> THE PROBLEM: Repeat the listing below in full and exactly. Pictures are to be omitted.

----- COLLECTED MATERIAL -----

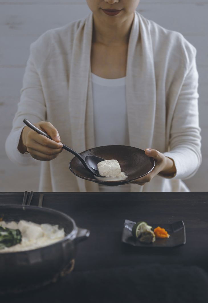 ![]() STATEMENT 有明海に面した肥沃な大地が広がる佐賀平野。 日本でも有数の大豆生産地で、お豆腐づくりに適した大豆が 豊富につくられています。佐嘉平川屋では、この土地で育った 大豆を使い、その日その時の状態に合わせて職人が手を加え、 大豆の力を最大限に引き出しながら、日々お豆腐を作っています。 佐嘉平川屋のお豆腐作りを支える想い。 それは、佐賀県各地で地元の方々に親しまれている多彩な お豆腐文化を、多くの皆様に楽しんで頂くことです。 私たちは、これまでに育まれてきたお豆腐文化を継承し、 より多くの皆様へ大切にお届けしていきます。 そして、新たにこの地に根付く未来のお豆腐文化の 創造にも取り組んで参ります。 ![]() 全国有数の大豆の産地・佐賀。 良質な大豆が豊富に採れる恵まれた環境に支えられてお豆腐づくりに勤しんでいます。 ![]() 佐賀の大豆とお豆腐のお話し 「温泉湯豆腐」「ざる豆腐」「ごどうふ」・・・・・・・・佐賀では地域ごとに見た目も味わいも多彩なお豆腐が親しまれています。このお豆腐文化を支えているのが、お豆腐づくりに適した質の高い「フクユタカ」が豊富に採れる佐賀の風土です。 七月初旬から晩秋にかけて栽培される大豆。盛夏には、当社工場周辺の大豆畑が、鮮やかな緑の絨毯で彩られます。たんぱく質を多く含みつつも、すっきりと雑味のない甘さがあり、全国のお豆腐屋さんがわざわざ取り寄せるほど人気の大豆です。 地元にいる私たちは、大豆の生育状況を見て、生産農家の方々と意見を交わしながらお豆腐をつくることができます。また、大切に育てられた大豆を佐賀のおいしいお豆腐にしてもらえると嬉しい、と生産者の方々に言っていただけます。そんな大豆を育てる皆様の想いと共に、全国のお客様のもとへお豆腐をお届けしています。 ![]() 変わらないお豆腐づくり 創業は昭和二十五(1950)年。初代は、毎日朝早くからお豆腐をつくっては、自転車に乗って隣町まで舗装されていない道を通い、お客様に届けていました。その頃からすれば設備も製造方法も大きく変わりましたが、初代が大切にしていたお豆腐づくりに対する姿勢は今も変わりません。 お豆腐の材料は大豆、水、にがりの三つのみ。材料に加えて作り方もシンプルであるがゆえに、職人による微細な調整で出来上がりは大きく変わってしまいます。大豆の浸漬時間や水の温度、大豆の擦り方、炊き方・・・・・・・・全ての工程で、その日の気温や大豆の状況に合わせた最適な状態に整えて、ようやく美味しいお豆腐ができあがります。 「ひとつひとつの工程に細心の注意をはらい、自分たちが食べたいと思えるお豆腐をつくる」、それが、創業以来続く、私たちのお豆腐づくりです。 ![]() 佐嘉平川屋の「温泉湯豆腐」 江戸時代、嬉野温泉は旅人に親しまれる宿場町でした。温泉水を使用した湯豆腐は当時から親しまれており、今でも旅館の朝食や町の飲食店の定番メニューです。また、温泉街の家庭には温泉が配管されており、湯豆腐は溶け出すのが当たり前。温泉湯豆腐は嬉野の伝統の味として、地域の暮らしに根付いています。 特殊な性質を持つ嬉野の温泉水で煮るとお豆腐が溶けだし、ふわふわと淡雪のような食感と適度な食べごたえ、大豆の甘味を感じる優しい味わいになる温泉湯豆腐。佐賀ならではのおいしさを、全国のご家庭でも楽しんでいただくために、嬉野温泉と同質の「温泉とうふ用調理水」を当社の二代目が開発しました。 さらに、地元では朝食として食べられていたものを、温泉湯豆腐、白濁したスープを出汁にした鍋、〆の雑炊と一度で三度おいしい鍋料理として再定義。一からつくった専用タレと合わせると、より豊かな味わいをお楽しみいただけます。 ![]() 温もりの空間 佐嘉平川屋嬉野店 さらに佐賀のお豆腐文化を発信し、直接お客様と繋がっていきたいという思いから、2010年にお食事スペースを併設したアンテナショップ「佐嘉平川屋嬉野店」をオープンいたしました。 嬉野店では、お買い物をしていただくだけでなく、くつろぎながらお食事をしていただけるよう古民家の木材を最大限に活用した、温もりと落ち着きのある和の空間に仕上げました。前職で建築業にも携わっていた三代目こだわりの空間ですので、ゆっくりお過ごしください。 嬉野という場所の特性上、観光に訪れる皆様には、温泉湯豆腐など地域のお豆腐文化を楽しむ場所として、また、地域の皆様には、日々のお豆腐や贈り物を購入していただく場所として広くご利用頂いております。 |
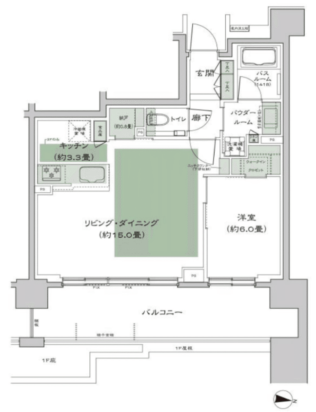 今の新築分譲マンションでは56㎡で2LDKも少なくない為、1人、2人暮らしでは困らなさそうな間取り。
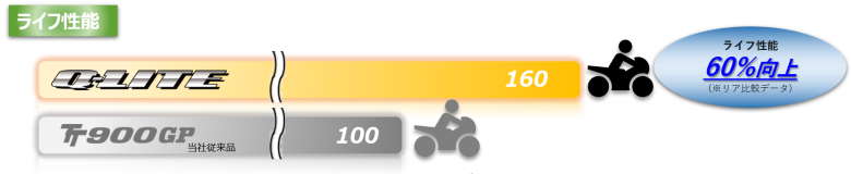 【試験結果の表示方法】●リアタイヤのセンター部近傍のウェアーインジケーター上の溝深さを新品時&1,200km走行後に測定し、次の計算式によりタイヤライフを推定し従来品との比率で表示。タイヤライフ(リア)=新品時溝深さ×(1,200km/摩耗量)※摩耗量=新品時溝深さ-1,200km走行後溝深さ
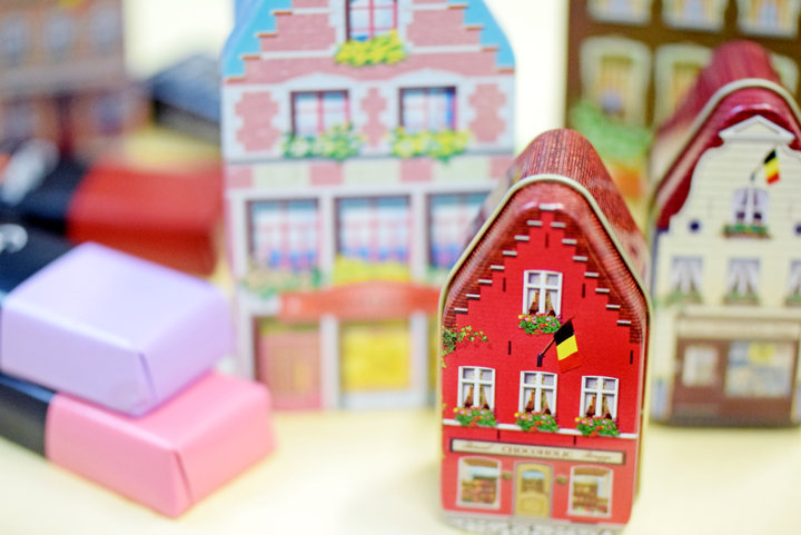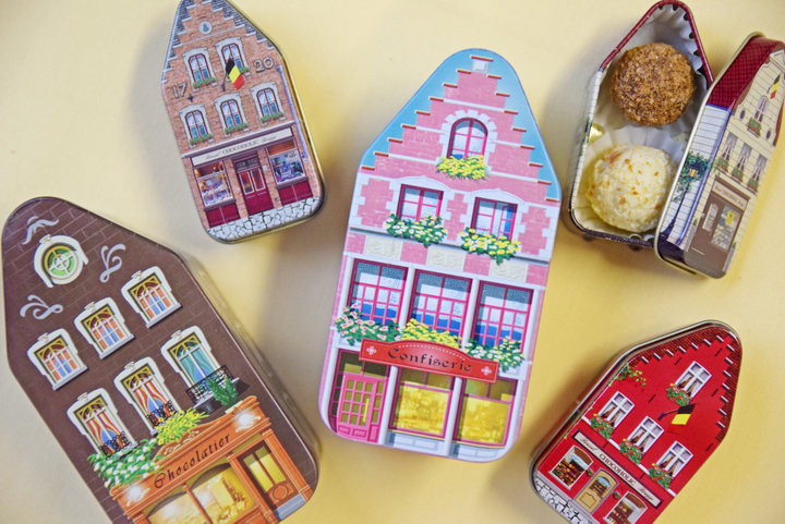 もうひとつ、ベルギーらしさを醸し出すのがベルギーの伝統的な家屋をモチーフにした缶に入ったお菓子です。 この缶はいろいろなところで見かけますが、中に入っているものはさまざま。チョコレートだったり、クッキーだったり、お店によって異なります。 サイズも小さなものから大きなものまでいろいろあり、デザインも何種類もあるので、選ぶ楽しさがあります。 中のお菓子を食べ終わったあとは飾っておけるので、何か形に残るおみやげを渡したいときは、こちらがおすすめです。

-----

> RESULT FOR THIS EXERCISE:
 ![]() STATEMENT 有明海に面した肥沃な大地が広がる佐賀平野。 日本でも有数の大豆生産地で、お豆腐づくりに適した大豆が 豊富につくられています。佐嘉平川屋では、この土地で育った 大豆を使い、その日その時の状態に合わせて職人が手を加え、 大豆の力を最大限に引き出しながら、日々お豆腐を作っています。 佐嘉平川屋のお豆腐作りを支える想い。 それは、佐賀県各地で地元の方々に親しまれている多彩な お豆腐文化を、多くの皆様に楽しんで頂くことです。 私たちは、これまでに育まれてきたお豆腐文化を継承し、 より多くの皆様へ大切にお届けしていきます。 そして、新たにこの地に根付く未来のお豆腐文化の 創造にも取り組んで参ります。 ![]() 全国有数の大豆の産地・佐賀。 良質な大豆が豊富に採れる恵まれた環境に支えられてお豆腐づくりに勤しんでいます。 ![]() 佐賀の大豆とお豆腐のお話し 「温泉湯豆腐」「ざる豆腐」「ごどうふ」・・・・・・・・佐賀では地域ごとに見た目も味わいも多彩なお豆腐が親しまれています。このお豆腐文化を支えているのが、お豆腐づくりに適した質の高い「フクユタカ」が豊富に採れる佐賀の風土です。 七月初旬から晩秋にかけて栽培される大豆。盛夏には、当社工場周辺の大豆畑が、鮮やかな緑の絨毯で彩られます。たんぱく質を多く含みつつも、すっきりと雑味のない甘さがあり、全国のお豆腐屋さんがわざわざ取り寄せるほど人気の大豆です。 地元にいる私たちは、大豆の生育状況を見て、生産農家の方々と意見を交わしながらお豆腐をつくることができます。また、大切に育てられた大豆を佐賀のおいしいお豆腐にしてもらえると嬉しい、と生産者の方々に言っていただけます。そんな大豆を育てる皆様の想いと共に、全国のお客様のもとへお豆腐をお届けしています。 ![]() 変わらないお豆腐づくり 創業は昭和二十五(1950)年。初代は、毎日朝早くからお豆腐をつくっては、自転車に乗って隣町まで舗装されていない道を通い、お客様に届けていました。その頃からすれば設備も製造方法も大きく変わりましたが、初代が大切にしていたお豆腐づくりに対する姿勢は今も変わりません。 お豆腐の材料は大豆、水、にがりの三つのみ。材料に加えて作り方もシンプルであるがゆえに、職人による微細な調整で出来上がりは大きく変わってしまいます。大豆の浸漬時間や水の温度、大豆の擦り方、炊き方・・・・・・・・全ての工程で、その日の気温や大豆の状況に合わせた最適な状態に整えて、ようやく美味しいお豆腐ができあがります。 「ひとつひとつの工程に細心の注意をはらい、自分たちが食べたいと思えるお豆腐をつくる」、それが、創業以来続く、私たちのお豆腐づくりです。 ![]() 佐嘉平川屋の「温泉湯豆腐」 江戸時代、嬉野温泉は旅人に親しまれる宿場町でした。温泉水を使用した湯豆腐は当時から親しまれており、今でも旅館の朝食や町の飲食店の定番メニューです。また、温泉街の家庭には温泉が配管されており、湯豆腐は溶け出すのが当たり前。温泉湯豆腐は嬉野の伝統の味として、地域の暮らしに根付いています。 特殊な性質を持つ嬉野の温泉水で煮るとお豆腐が溶けだし、ふわふわと淡雪のような食感と適度な食べごたえ、大豆の甘味を感じる優しい味わいになる温泉湯豆腐。佐賀ならではのおいしさを、全国のご家庭でも楽しんでいただくために、嬉野温泉と同質の「温泉とうふ用調理水」を当社の二代目が開発しました。 さらに、地元では朝食として食べられていたものを、温泉湯豆腐、白濁したスープを出汁にした鍋、〆の雑炊と一度で三度おいしい鍋料理として再定義。一からつくった専用タレと合わせると、より豊かな味わいをお楽しみいただけます。 ![]() 温もりの空間 佐嘉平川屋嬉野店 さらに佐賀のお豆腐文化を発信し、直接お客様と繋がっていきたいという思いから、2010年にお食事スペースを併設したアンテナショップ「佐嘉平川屋嬉野店」をオープンいたしました。 嬉野店では、お買い物をしていただくだけでなく、くつろぎながらお食事をしていただけるよう古民家の木材を最大限に活用した、温もりと落ち着きのある和の空間に仕上げました。前職で建築業にも携わっていた三代目こだわりの空間ですので、ゆっくりお過ごしください。 嬉野という場所の特性上、観光に訪れる皆様には、温泉湯豆腐など地域のお豆腐文化を楽しむ場所として、また、地域の皆様には、日々のお豆腐や贈り物を購入していただく場所として広くご利用頂いております。 |
 今の新築分譲マンションでは56㎡で2LDKも少なくない為、1人、2人暮らしでは困らなさそうな間取り。
 【試験結果の表示方法】●リアタイヤのセンター部近傍のウェアーインジケーター上の溝深さを新品時&1,200km走行後に測定し、次の計算式によりタイヤライフを推定し従来品との比率で表示。タイヤライフ(リア)=新品時溝深さ×(1,200km/摩耗量)※摩耗量=新品時溝深さ-1,200km走行後溝深さ
 もうひとつ、ベルギーらしさを醸し出すのがベルギーの伝統的な家屋をモチーフにした缶に入ったお菓子です。 この缶はいろいろなところで見かけますが、中に入っているものはさまざま。チョコレートだったり、クッキーだったり、お店によって異なります。 サイズも小さなものから大きなものまでいろいろあり、デザインも何種類もあるので、選ぶ楽しさがあります。 中のお菓子を食べ終わったあとは飾っておけるので、何か形に残るおみやげを渡したいときは、こちらがおすすめです。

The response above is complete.